Por toda respuesta señaló, con un movimiento del mentón, el ataúd.
-Mi esposa me -dijo y su sillón dejó de mecerse.
-¿Llevaba mucho tiempo enferma?
-Cuatro años.
-¿Tenían hijos?. Dijo que no con un gesto y al terminar el movimiento de, la cabeza quedó
tirada sobre su hombro, como si el cuello, cansado, se negara a sostenerla por más tiempo. De
pronto descubrí que tenía mucha curiosidad por saber sobre la vida de Hueso y su esposa.
Pero no hice más preguntas por temor a parecer indiscreta.

De repente, sin cambiar de posición, casi sin mover los labios, con una misma voz inodora,
incolora e insabora, comentó:
-Tengo una buena noticia para usted, Farfán, Rita. Me acogí a la jubilación. A partir de la
semana próxima tendrán otro profesor.
-Me quedé sin saber qué contestar. No iba a ser tan hipócrita de decirle que lo sentía mucho.
Aunque tal vez y por algún motivo que no lograba explicarme, la información tampoco me
alegraba especialmente. Era inesperada y me pareció una especie de rendición.

-Sufrió mucho –añadió-. Tenía dolores terribles y sólo se tranquilizaba cuando me sentaba a
su lado y le tomaba de la mano. Empezaba a hablarle de las cosas del colegio, de las clases,
de ustedes, especialmente de usted, Farfán, Rita y escuchándome se olvidaba del dolor. Todos
los días salía corriendo del colegio para la casa, porque sabía que ella estaba esperándome y
necesitaba de mí. Esas horas de clase eran una verdadera tortura .
-Para mí también- me atreví a comentar, pero me parece que no me oyó. Estaba asombrada
al pensar que la muerta me conocía, por sus cuentos, mientras yo nunca, hasta hacía tres
minutos, había oído hablar de ella. ¿Qué cosa le contaría de mí?
-Estuvimos casados más de cuarenta años y creo que fuimos muy felices.

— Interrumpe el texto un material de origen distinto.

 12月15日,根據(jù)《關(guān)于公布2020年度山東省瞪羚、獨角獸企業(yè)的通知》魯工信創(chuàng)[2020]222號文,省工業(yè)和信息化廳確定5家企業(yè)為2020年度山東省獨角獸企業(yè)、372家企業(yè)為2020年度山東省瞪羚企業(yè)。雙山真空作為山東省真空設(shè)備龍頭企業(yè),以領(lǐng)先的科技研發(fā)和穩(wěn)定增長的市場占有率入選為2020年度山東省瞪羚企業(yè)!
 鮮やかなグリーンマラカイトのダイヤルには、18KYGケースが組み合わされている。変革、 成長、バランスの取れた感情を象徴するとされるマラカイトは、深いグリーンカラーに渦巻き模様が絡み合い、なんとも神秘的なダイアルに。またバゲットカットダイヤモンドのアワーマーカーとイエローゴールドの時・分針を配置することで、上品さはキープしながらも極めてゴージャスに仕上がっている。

Ahora…

Dejó la frase en suspenso. Me pregunté si iba a decir una cursilería tipo “Ahora nadie
necesita de mí”, “Ahora mi vida no tiene sentido” o algo por el estilo, como sacado de una
telenovela. Nunca lo supe. ¿Sería capaz Hueso de decir una frase así? ¿Verían las telenovelas
de la noche él y su esposa, sentados frente al televisor, tomados de la mano? ¿Él le cocinaría?
¿En qué barrio vivirían? ¿Tendrían perro? ¿Un gato tal vez? ¿Y muchas fotos de cuando eran
jóvenes, guardadas en una caja de ponqué?

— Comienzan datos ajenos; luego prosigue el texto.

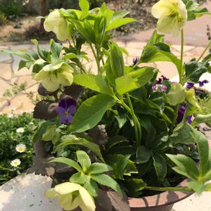 クリスマスローズの鉢植え。 地植えのものよりたくさん咲いてます☺️
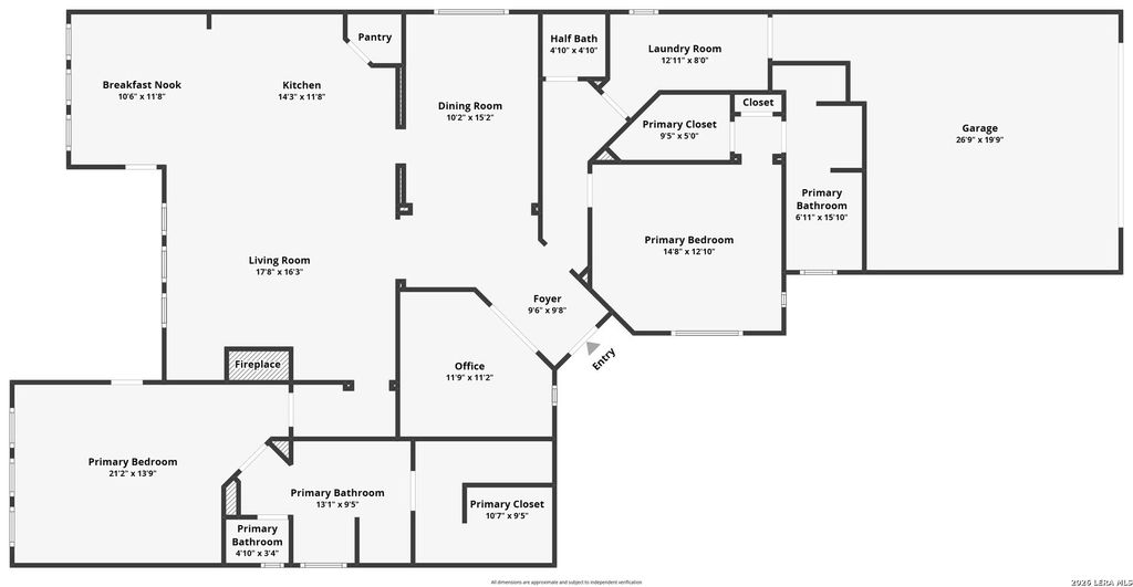 Located in a desirable gated community, this rare single-story home offers 2,368 square feet of thoughtfully designed living space with an open-concept layout and the unique advantage of two oversized primary suites, along with an attached 2-car garage. A flexible study or office provides a dedicated work-from-home space, while the charming courtyard entry creates a warm and inviting first impression. Residents also enjoy access to a community clubhouse, adding to the neighborhood's appeal. Inside, the home feels bright and airy with high ceilings and a living room centered around a gas log fireplace, making it an ideal setting for both relaxing evenings and entertaining guests. The kitchen is both stylish and functional, featuring 42-inch cabinets, granite countertops, a gas cooktop, stainless steel appliances, a breakfast bar, and a cozy breakfast area filled with natural light. The open flow between the kitchen and living areas enhances everyday living and makes hosting gathering
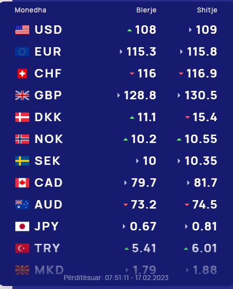 Këmbimi valutor 17 shkurt 2023/ Ja me sa shiten e blihen monedhat e huaja
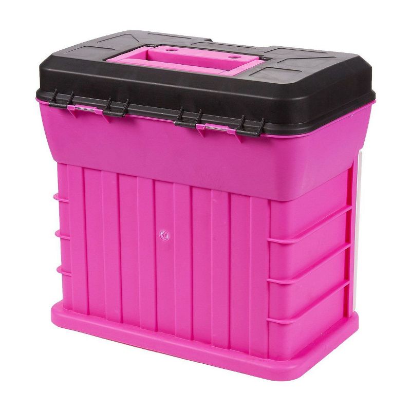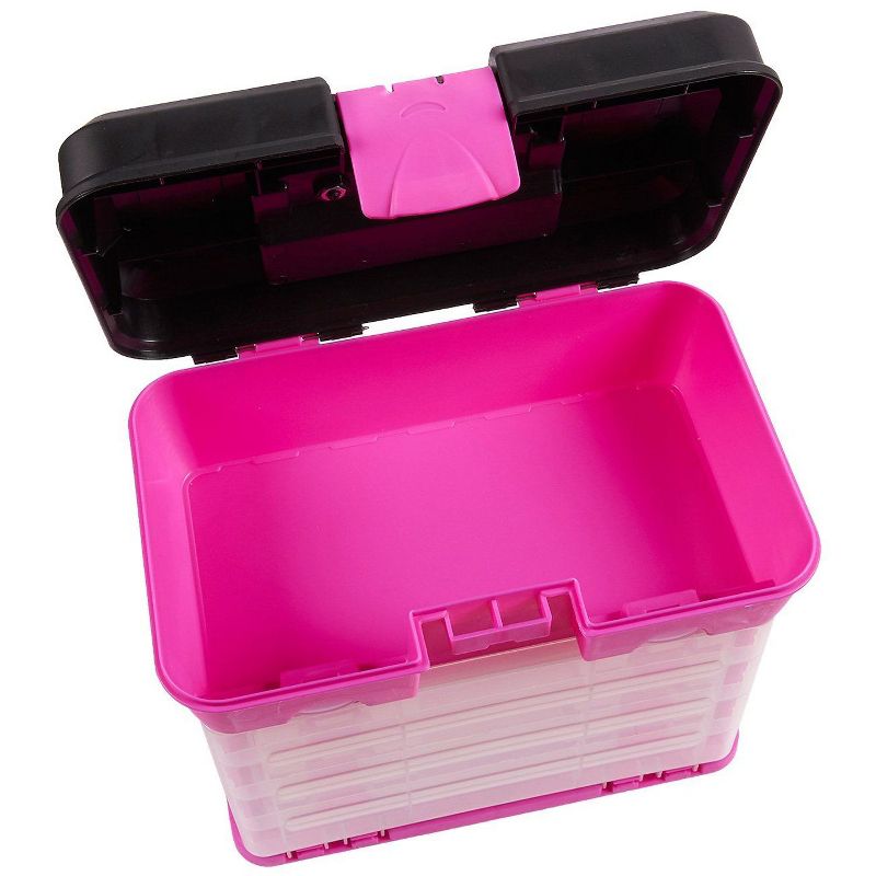 TOOLBOX: Includes a pink organizer box with 4 customizable clear matte slideout containers, each with up to 13 compartments.

De pronto descubrí que Hueso era un desconocido. Habíamos estado juntos ocho horas a la
semana, durante un montón de meses y no sabía nada sobre él , salvo que desayunaba
huevos fritos, que no tenía hijos y que su esposa acababa de morir. Lo había odiado
concienzudamente y como suele ocurrir en las guerras, el odio no me había dejado tiempo para
enterarme de quien era mi enemigo.

En ese momento entró mi padre, buscándome: “Rita”, dijo en voz baja y grave, como si
estuviera de más allí, como si fuera un estorbo para el duelo de Remigio Hueso.
Me levante y antes de irme, miré a los ojos al profesor. Creo que ni se dio cuenta.
-¿Conoces a ese señor? –me preguntó mi padre cuando caminábamos por el corredor.
-No –le dije, sin saber si le estaba diciendo una mentira o no.

Me senté junto a mi madre y escondí la cara en su regazo. Empezó a acariciarme el pelo.


La semana que viene empieza otro profesor de matemáticas –le conté.